• Activity
Begin at the line containing "天赋系统分为4个分支,地,水主防御,火,风主攻击。天赋可以提高战力。" and restate it and each line after it exactly, up to and including the last line below. Leave pictures out.

(Saved data entries)
·····

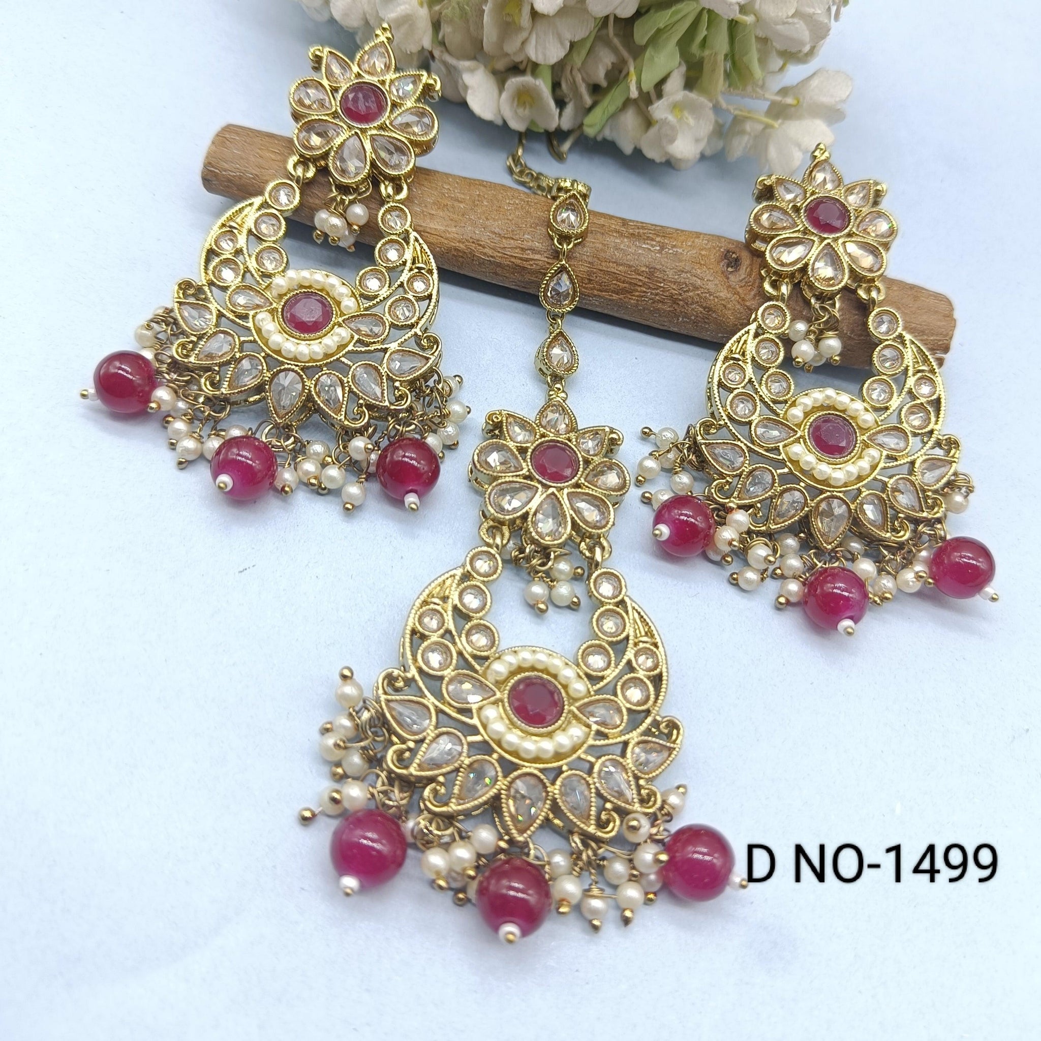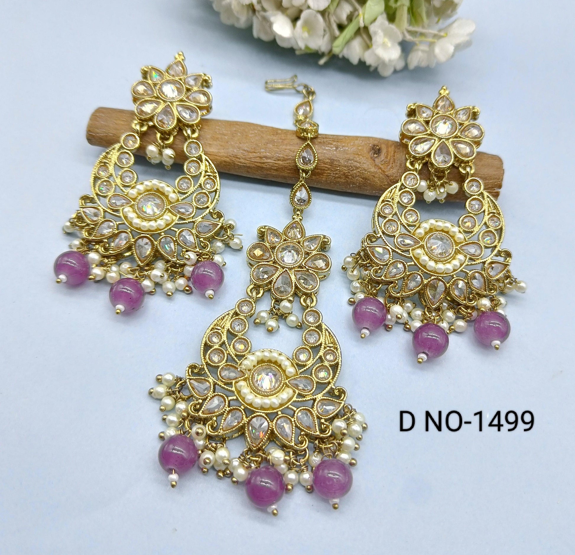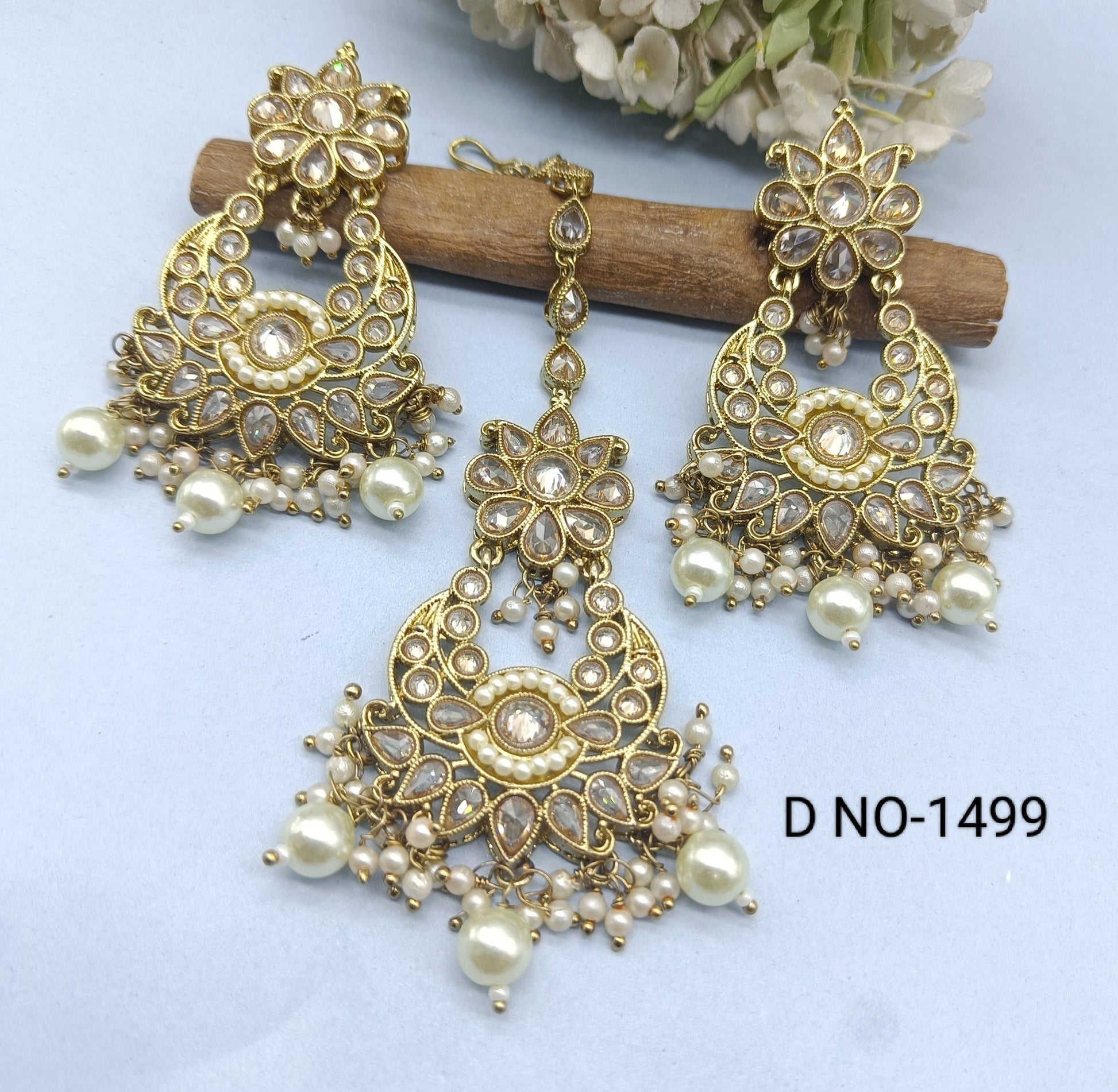 Antique Golden Polki Earrings-Tika Sku-1499 A2. These earrings feature a stunning antique golden design with intricate polki detailing. The perfect addition to any outfit. Made with high-quality materials.
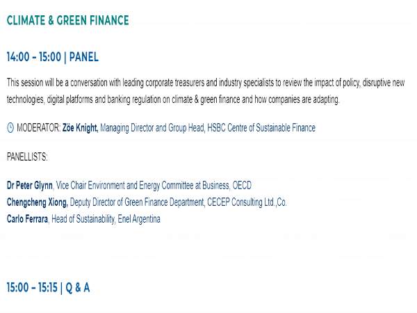本次研讨会旨在探讨未来全球价值链在全球经济、创造就业、分享繁荣、促进创新和吸引投资方面的关键作用,并针对全球价值链如何发展以应对贸易保护主义、气候变化和数字化等带来的挑战提供一系列政策建议。在“气候金融及绿色金融”研讨会上,中节能咨询代表向与会者介绍了中国绿色金融体系建设的背景,尤其是在推动应对气候变化投融资方面的进展,并在推进金融机构气候风险主流化、促进金融机构气候金融产品创新、推动企业参与气候治理等方面提出了建议。
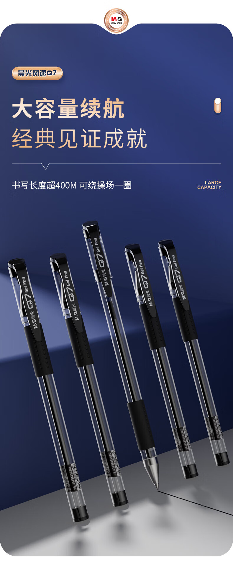 晨光/M&G Q7A 书写用笔类用具 经典风速Q7/0.5mm黑色中性笔子弹头签字笔顺滑拔盖水笔办公用笔12支
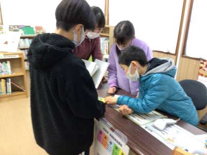 図書館では、今日から始まった「図書館まつり」のポイントを貯めようと何人かの子どもたちが集まっていました。
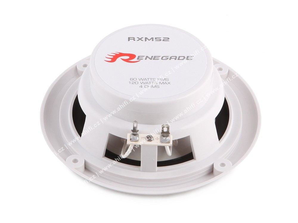 Vlhku odolné reproduktory Renegade RXM, které nabízí za nízkou cenu vysokou kvalitu zvuku, odolné zpracování a výdrž díky poctivé konstrukci. Reproduktory Renegade RXM jsou vhodné jako reproduktory na lodě, do koupelny, na záchody do restaurací, na venkovní terasy, pro zahradní restaurace, altánky atd. Jsou odolné proti stříkající vodě a z tohoto důvodu mají koš z tvrzeného plastu (zbarvení koše je elegantní bílé -> neutrální a nerušivé). Vestavěný výškový reproduktor s mylarovou membránou má průměr 25 mm. V balení najdete 2 kusy reproduktorů.Hlavní vlastnosti
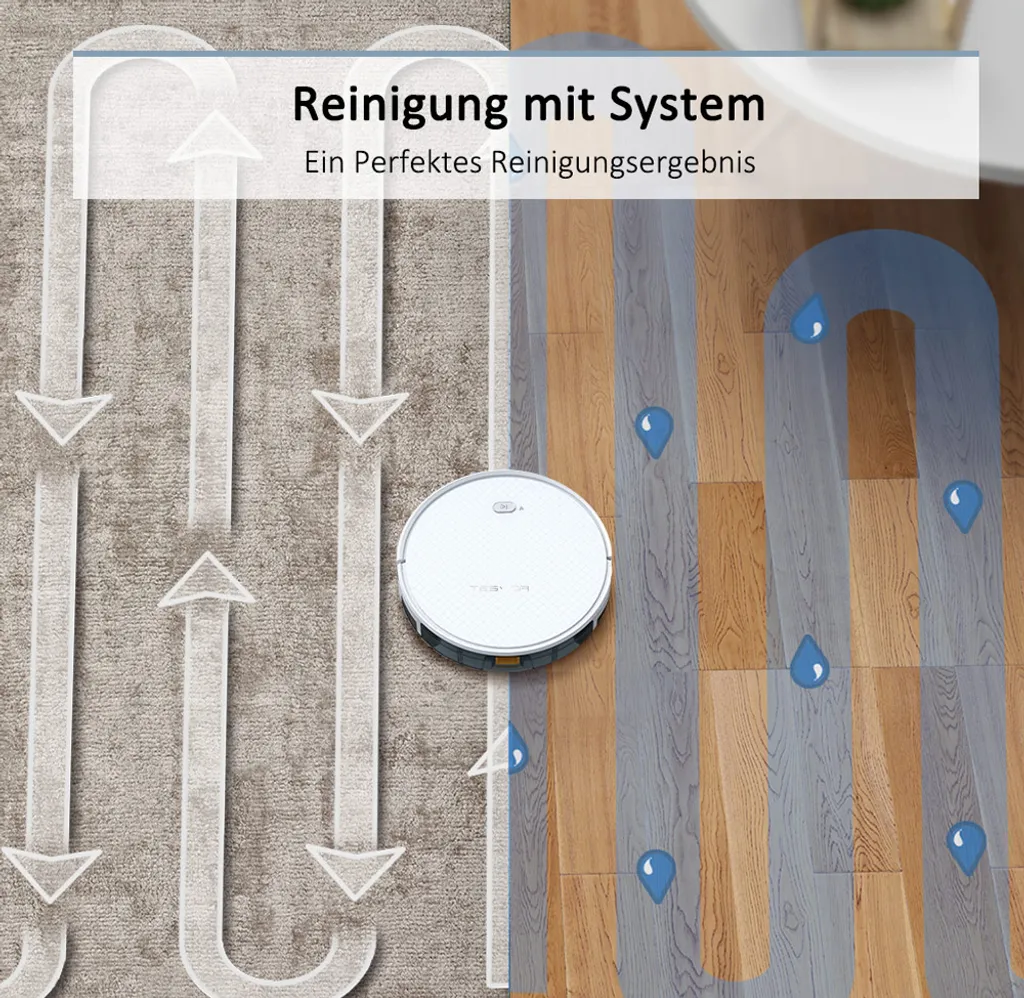 – Intelligente App Steuerung: Verwenden Sie die e neu entwickelte App für die Anzeige von Reinigungsrouten und Kartenspeicherung, Terminplanung, Reinigungszonen, Fleckenentfernung, Richtungssteuerung, Punktreinigung, Kompatibel mit Google Home und Alexa.
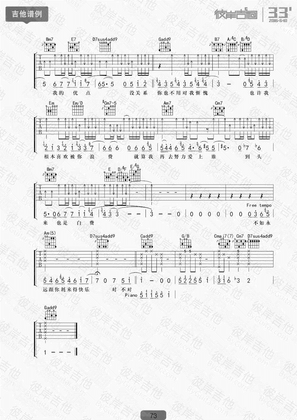 《徐佳莹《浪费吉他谱》》内容来自于互联网,不能保证内容的准确性与完整性,仅供学习交流欣赏,请勿用于其它用途,内容版权归原作者及来源网站所有,如有侵犯到您的权益请来信告知,我们将及时删除。
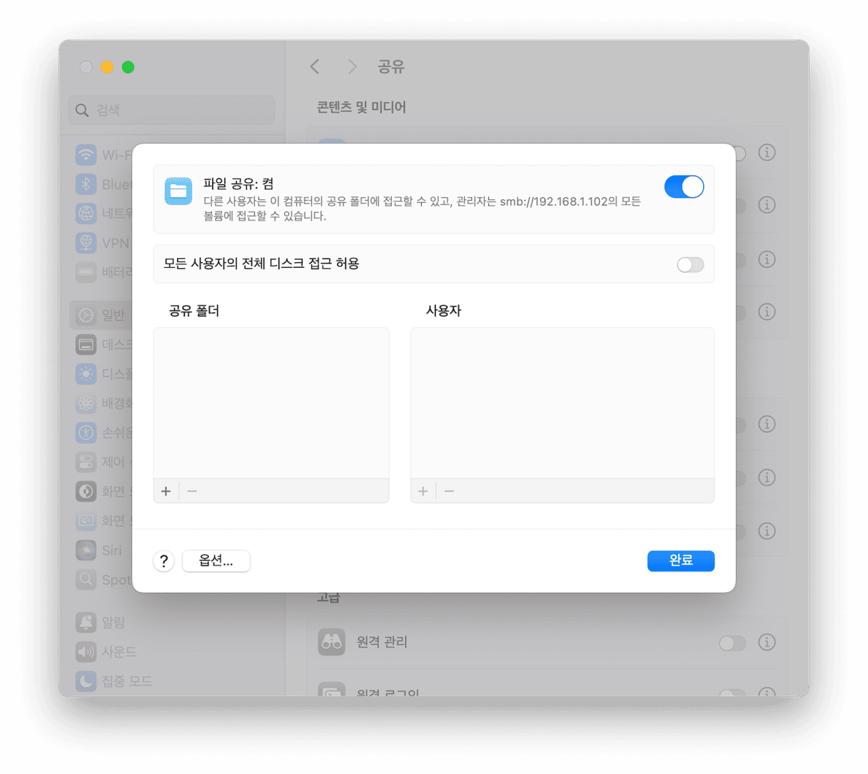- '파일 공유' 옆의 '정보' 버튼을 클릭하고 켜세요. 맥 전체를 공유하고 싶다면, 전체 디스크 접근을 허용하세요.
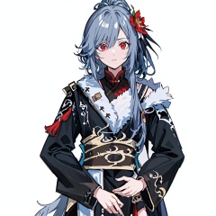 (masterpiece:1.3),(the best quality:1.2),(super fine illustrations:1.2),(Masterpiece),high quality,high detail,(white background:1.2),looking at viewer,(SOLO:1.4),outline,simple background,, hair over one eye,ponytail,senti,hair flower,polearm,chinese clothes,grey hair,hair ornament,red eyes,solo,
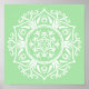 Esta mandala branca senta-se sobre um fundo verde macio. As cores são serenas e criativas. Parte da Coleção Rosenn Mandala.
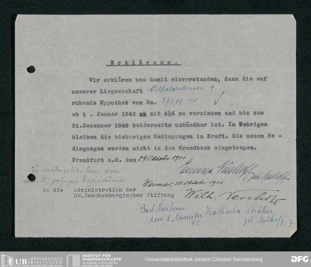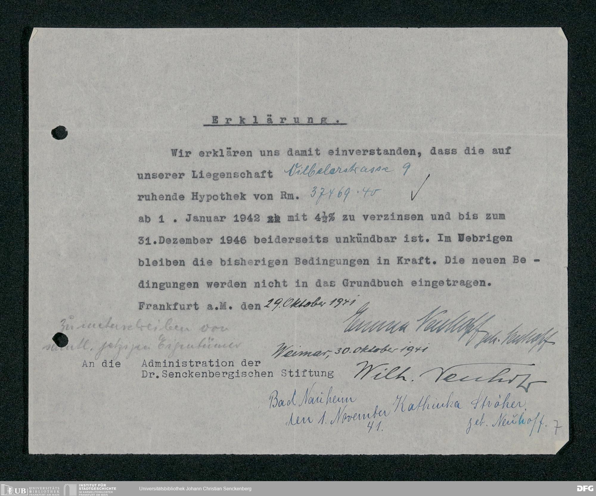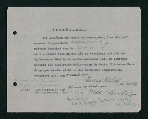 V48 Dr. Senckenbergische Stiftung, 114 - Zustimmungserklärungen für Zinssenkungen der Hypotheken
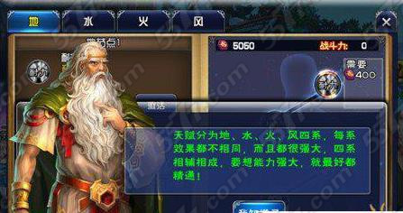 天赋系统分为4个分支,地,水主防御,火,风主攻击。天赋可以提高战力。
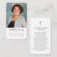 Dimensões de cartão de visita: 3,5" x 2,0". Este simples cartão de oração memorial pode ser dado como guardião numa Celebração da Vida ou num serviço funerário ou enviado como homenagem especial aos que não puderam estar presentes. Personalize este cartão com uma foto favorita e sua escolha de oração ou poema na parte traseira do cartão. Fácil de personalizar.
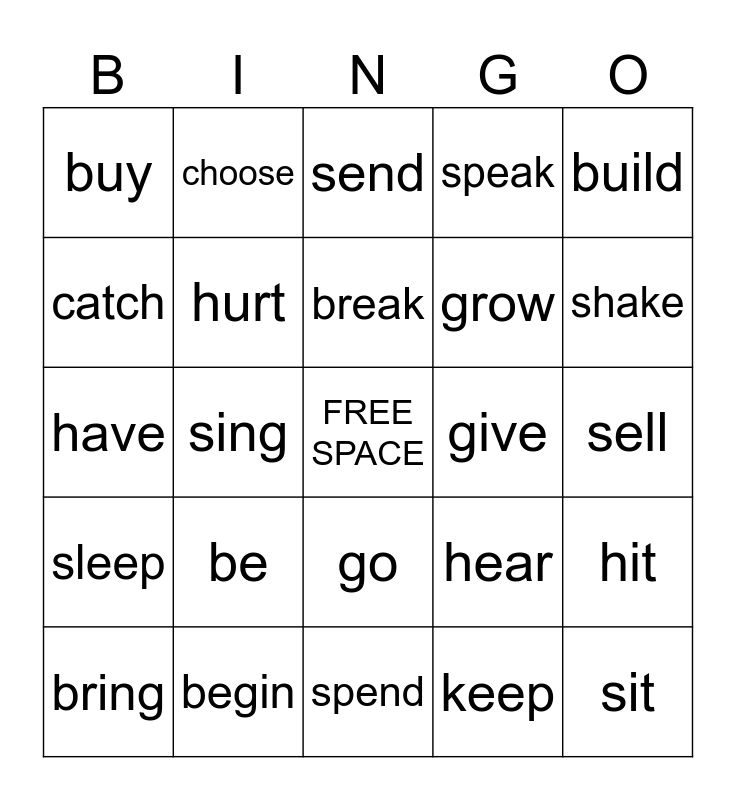 This bingo card has a free space and 24 words: be, begin, break, bring, build, buy, catch, choose, give, go, grow, have, hear, hit, hurt, keep, sell, send, shake, sing, sit, sleep, speak and spend.

·····

• Answer to this exercise
 天赋系统分为4个分支,地,水主防御,火,风主攻击。天赋可以提高战力。
 Dimensões de cartão de visita: 3,5" x 2,0". Este simples cartão de oração memorial pode ser dado como guardião numa Celebração da Vida ou num serviço funerário ou enviado como homenagem especial aos que não puderam estar presentes. Personalize este cartão com uma foto favorita e sua escolha de oração ou poema na parte traseira do cartão. Fácil de personalizar.
 This bingo card has a free space and 24 words: be, begin, break, bring, build, buy, catch, choose, give, go, grow, have, hear, hit, hurt, keep, sell, send, shake, sing, sit, sleep, speak and spend.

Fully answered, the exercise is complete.